GPUDirect RDMA - use Jetson's DMA

Hi,
In the GPUDirect RDMA Github demo:

You use the FPGA’s DMA engine to copy the data from the GPU’s memory space into the FPGA memory.
Is it possible to use the Jetson’s DMA engine instead? That it will copy the data into the FPGA memory?

Thanks

Hi,

RDMA is about direct access, no memory copy is involved.

GPUDirect RDMA’s target is to share the cudaMalloc buffer with FPGA.
It can not used in the counterpart.

Thanks.

@AastaLLL
Thank you for your reply.

Just to make sure, what do you mean by “counterpart”?

Thanks

Hi,

FPGA can access CUDA memory.
But CUDA cannot access FPGA’s memory.

This requires importing/wrapping the CPU memory into GPU space.
Which is not supported.

Thanks.

Thank you for your reply @AastaLLL
There is something small I didn’t understand:

In the demo the FPGA can access CUDA memory.

“Someone” has to program the FPGA’s DMA engine with appropriate data:

  • physical source address, corresponds to CUDA virtual space
  • physical destination address, in the FPGA
  • length
  1. Who does this? - the CUDA code?
  2. Why he can’t program the Jetson DMA to do the same work instead of the FPGA DMA?

Thanks for the help

Hi,

Could you share the demo you mentioned with us?
So we can know more about the questions.

Thanks.

Sure:

Hi @AastaLLL ,
Any new regarding my question?

After I sent you the demo link, maybe you know to answer my questions?

Hi,

Thanks for your patience.

1. No, it is ioctl call rather than a CUDA code:
For example: https://github.com/NVIDIA/jetson-rdma-picoevb/blob/master/client-applications/rdma-cuda-c2h-perf.cu#L105

2. The sample provides an interface for FPGA to access CUDA memory.
If you want to access FPGA memory on Jetson, please check with the FPGA provider to see if they have a similar API/mechanism.

Thanks.

Hi @AastaLLL ,
Thank you for your reply.
I apologies but I didn’t understand your answer.

You said that the code being executed on the GPU uses an ioctl to program the FPGA’s DMA core for executing the transfer from the Jetson’s memory (GPU address space) into the FPGA’s memory.

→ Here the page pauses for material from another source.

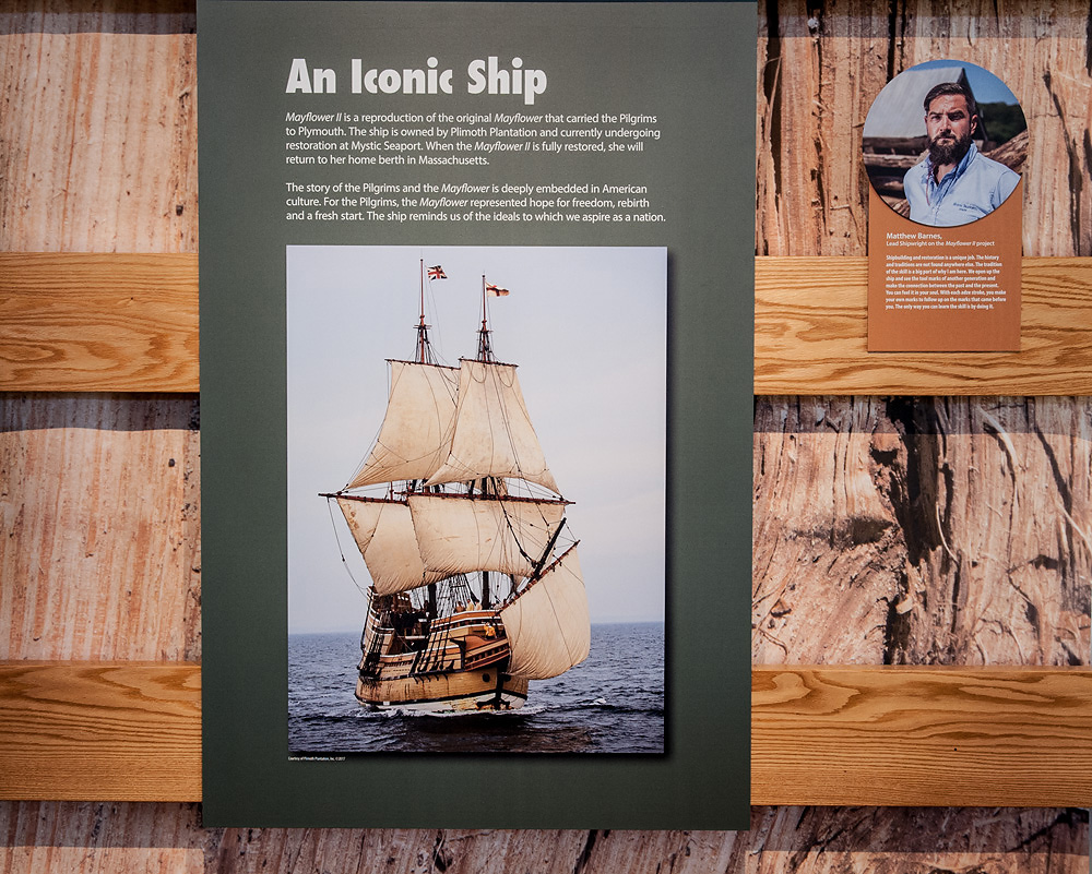 Through touch, sound, and sight, visitors are brought deeply (but safely) into the story. In addition to highlighting past projects, the Shipyard Gallery also includes a changing section devoted to the current major project. The first offering in this area is a look at the restoration of Mayflower II, owned by Plimoth Patuxet.

My question was if its possible to use another method , maybe another ioctl , to program the Jetson’s DMA core for executing the transfer from the Jetson’s memory (GPU address space) into the FPGA’s memory.

In other words, instead of the FPGA’s DMA core will do the transfers, we want the Jetson’s DMA core to do the transfers.

Hi,

CUDA doesn’t support importing a pre-allocated memory into CUDA memory space.
But if you don’t need this for GPU, the memory mapping should work with a standard Linux DMA way.

Thanks.

I apologize,
I don’t understand your answer.
Maybe I’m not familiar enough with the details.
I’ll appreciate if you could elaborate a little.

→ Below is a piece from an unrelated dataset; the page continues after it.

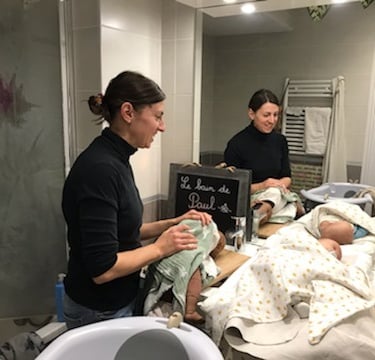 * Paul adore le bain (toujours enveloppé !) et apprécie sa petite musique relaxante ! Maintenant sa grande sœur est aussi des nôtres et à la lourde tâche d’arroser les pieds de son frère :) Agathe

In the demo we see the ioctl that utilize the FPGA’s DMA core to perform the transfer. The code configures the FPGA’s DMA core with the suitable physicals addresses.

Why can’t it do the same with the Jetson’s DMA core?
Using another ioctl that will load the same data physical address into the Jetsons DMA core instead of the FPGA’s DMA core and initiate the transfer with the Jetson’s DMA.

Hi,

Do you mean PCIe DMA?
If yes, it can work just as the Linux standard way.

If not, could you tell us more about the “Jetson’s DMA” you indicated?

Thanks.

Hi,

Not sure if this helps, but please check the below topic discussing DMA engine.

Thanks.

Yes, I mean the general DMA engine in the Jetson (not a specific device DMA)

What I meant was that instead of activating the FPG DMA from the CUDA code, could we just activate the PCIe DMA from the CUDA code on the GPU?

This topic was automatically closed 14 days after the last reply. New replies are no longer allowed.